• Task to complete
Only the lines from the one with "Palm Tree Beach" through the last line of the data below are to be duplicated, exactly and without pictures.

┌────────

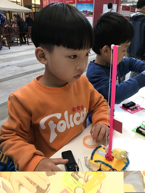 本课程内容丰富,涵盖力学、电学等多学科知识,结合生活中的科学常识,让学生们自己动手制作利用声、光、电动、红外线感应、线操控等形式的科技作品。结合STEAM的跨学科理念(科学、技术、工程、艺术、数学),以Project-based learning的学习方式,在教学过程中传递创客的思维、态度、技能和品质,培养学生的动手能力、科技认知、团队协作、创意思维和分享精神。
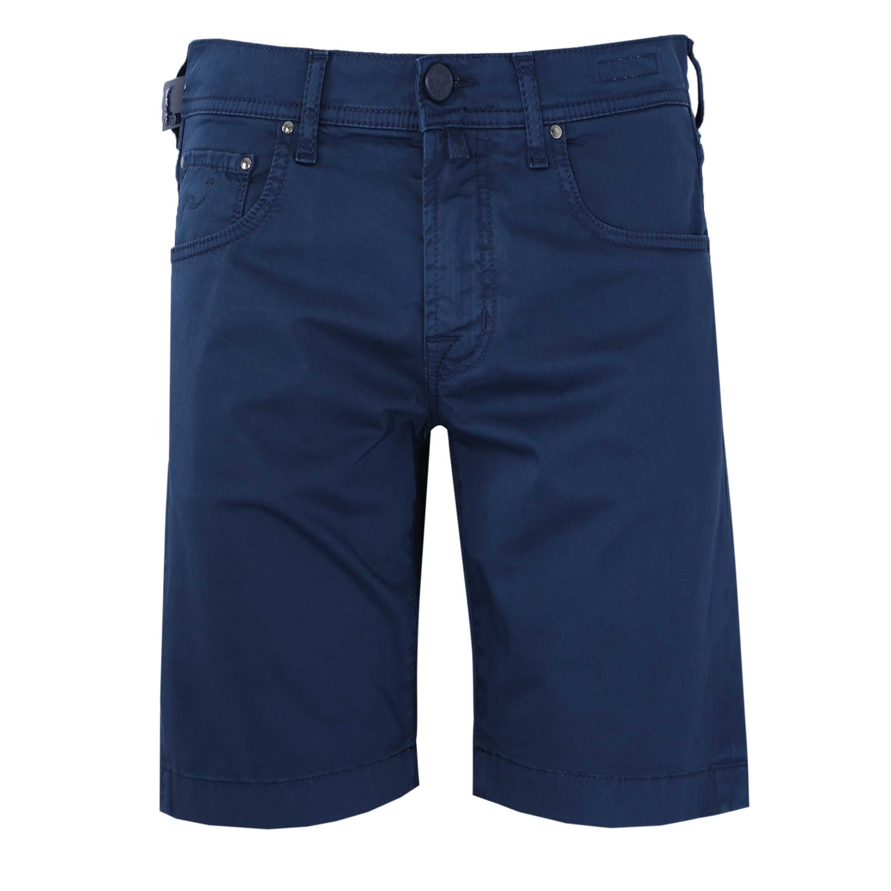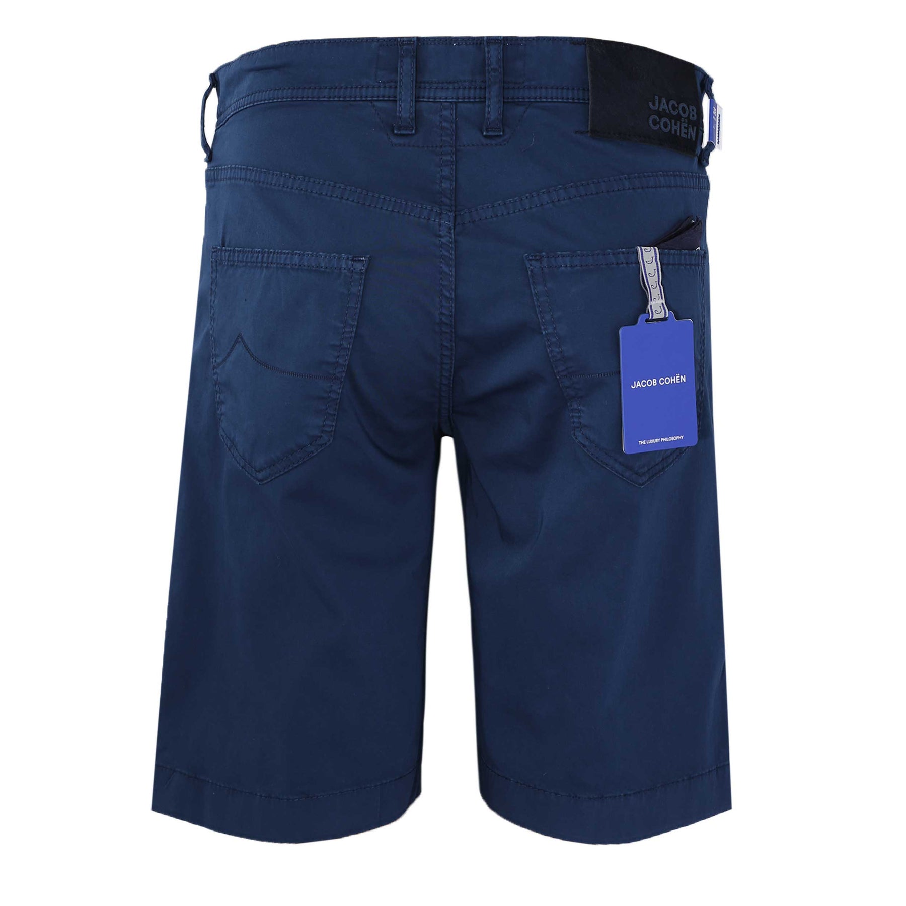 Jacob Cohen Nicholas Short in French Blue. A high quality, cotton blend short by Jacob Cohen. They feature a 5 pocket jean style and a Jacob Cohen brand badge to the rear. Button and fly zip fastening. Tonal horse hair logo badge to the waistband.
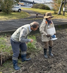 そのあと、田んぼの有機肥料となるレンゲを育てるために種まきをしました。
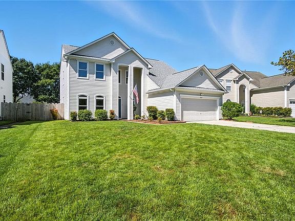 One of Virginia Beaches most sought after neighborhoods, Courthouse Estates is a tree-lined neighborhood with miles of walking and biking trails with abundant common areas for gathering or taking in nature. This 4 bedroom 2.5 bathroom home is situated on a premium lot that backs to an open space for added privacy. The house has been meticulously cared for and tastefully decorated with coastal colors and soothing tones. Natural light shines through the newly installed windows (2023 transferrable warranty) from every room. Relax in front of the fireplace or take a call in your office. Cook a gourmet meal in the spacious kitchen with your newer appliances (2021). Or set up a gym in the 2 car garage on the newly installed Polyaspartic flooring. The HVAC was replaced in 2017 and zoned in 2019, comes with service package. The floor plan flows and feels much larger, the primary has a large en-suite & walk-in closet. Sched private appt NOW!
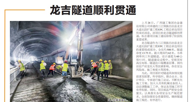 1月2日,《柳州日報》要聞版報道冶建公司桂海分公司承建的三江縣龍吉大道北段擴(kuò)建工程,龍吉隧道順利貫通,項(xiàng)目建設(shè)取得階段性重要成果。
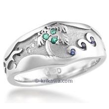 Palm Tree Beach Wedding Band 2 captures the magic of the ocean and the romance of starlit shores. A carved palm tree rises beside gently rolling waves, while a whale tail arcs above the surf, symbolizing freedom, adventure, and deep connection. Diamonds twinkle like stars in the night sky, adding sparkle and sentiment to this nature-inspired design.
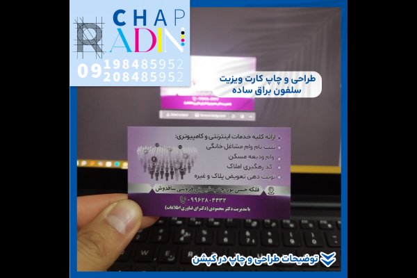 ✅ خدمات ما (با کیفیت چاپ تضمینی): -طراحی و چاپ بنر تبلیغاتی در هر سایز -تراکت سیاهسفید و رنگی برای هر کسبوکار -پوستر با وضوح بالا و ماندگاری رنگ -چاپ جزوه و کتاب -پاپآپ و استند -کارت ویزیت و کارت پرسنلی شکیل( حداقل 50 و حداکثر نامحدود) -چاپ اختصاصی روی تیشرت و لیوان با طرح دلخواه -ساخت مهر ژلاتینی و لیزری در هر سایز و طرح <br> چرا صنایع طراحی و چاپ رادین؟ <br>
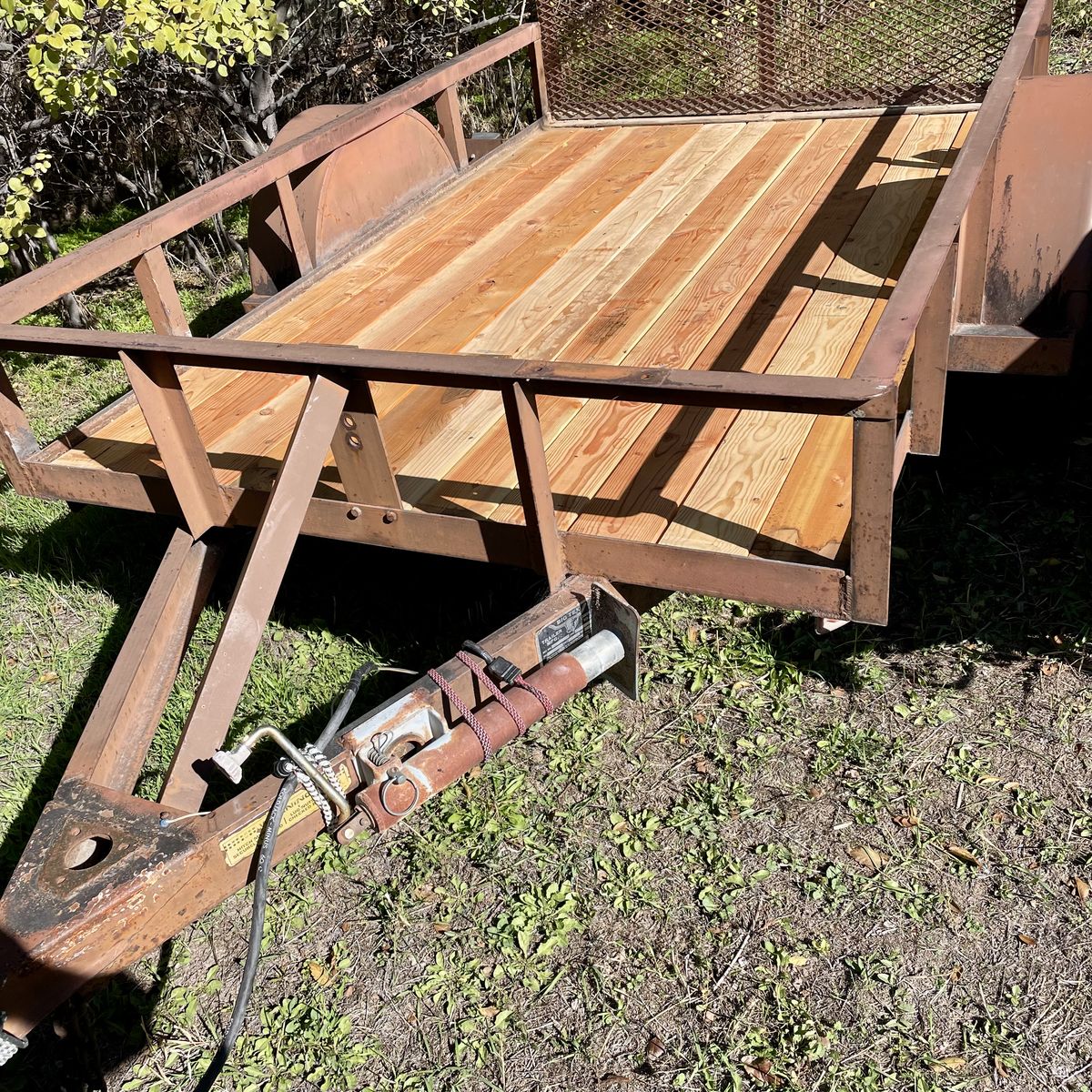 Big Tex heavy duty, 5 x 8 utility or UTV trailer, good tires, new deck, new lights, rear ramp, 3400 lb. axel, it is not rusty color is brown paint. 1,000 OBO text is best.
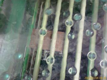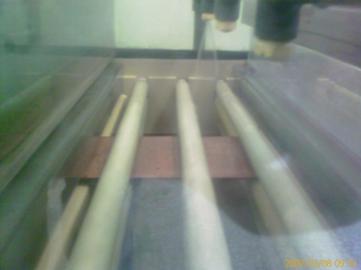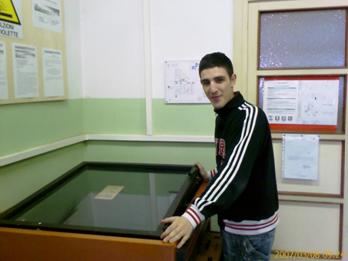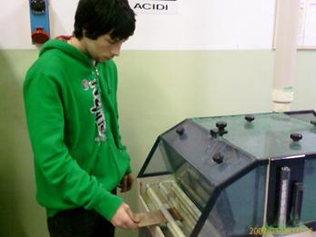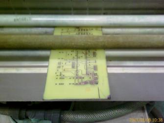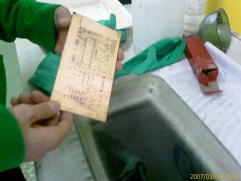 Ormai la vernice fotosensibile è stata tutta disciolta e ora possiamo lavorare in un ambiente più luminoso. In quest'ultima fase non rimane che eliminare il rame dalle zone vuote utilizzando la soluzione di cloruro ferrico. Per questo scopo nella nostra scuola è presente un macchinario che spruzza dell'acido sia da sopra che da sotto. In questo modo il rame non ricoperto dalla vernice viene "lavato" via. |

└────────

• Finished exercise
 Palm Tree Beach Wedding Band 2 captures the magic of the ocean and the romance of starlit shores. A carved palm tree rises beside gently rolling waves, while a whale tail arcs above the surf, symbolizing freedom, adventure, and deep connection. Diamonds twinkle like stars in the night sky, adding sparkle and sentiment to this nature-inspired design.
 ✅ خدمات ما (با کیفیت چاپ تضمینی): -طراحی و چاپ بنر تبلیغاتی در هر سایز -تراکت سیاهسفید و رنگی برای هر کسبوکار -پوستر با وضوح بالا و ماندگاری رنگ -چاپ جزوه و کتاب -پاپآپ و استند -کارت ویزیت و کارت پرسنلی شکیل( حداقل 50 و حداکثر نامحدود) -چاپ اختصاصی روی تیشرت و لیوان با طرح دلخواه -ساخت مهر ژلاتینی و لیزری در هر سایز و طرح <br> چرا صنایع طراحی و چاپ رادین؟ <br>
 Big Tex heavy duty, 5 x 8 utility or UTV trailer, good tires, new deck, new lights, rear ramp, 3400 lb. axel, it is not rusty color is brown paint. 1,000 OBO text is best.
 Ormai la vernice fotosensibile è stata tutta disciolta e ora possiamo lavorare in un ambiente più luminoso. In quest'ultima fase non rimane che eliminare il rame dalle zone vuote utilizzando la soluzione di cloruro ferrico. Per questo scopo nella nostra scuola è presente un macchinario che spruzza dell'acido sia da sopra che da sotto. In questo modo il rame non ricoperto dalla vernice viene "lavato" via. |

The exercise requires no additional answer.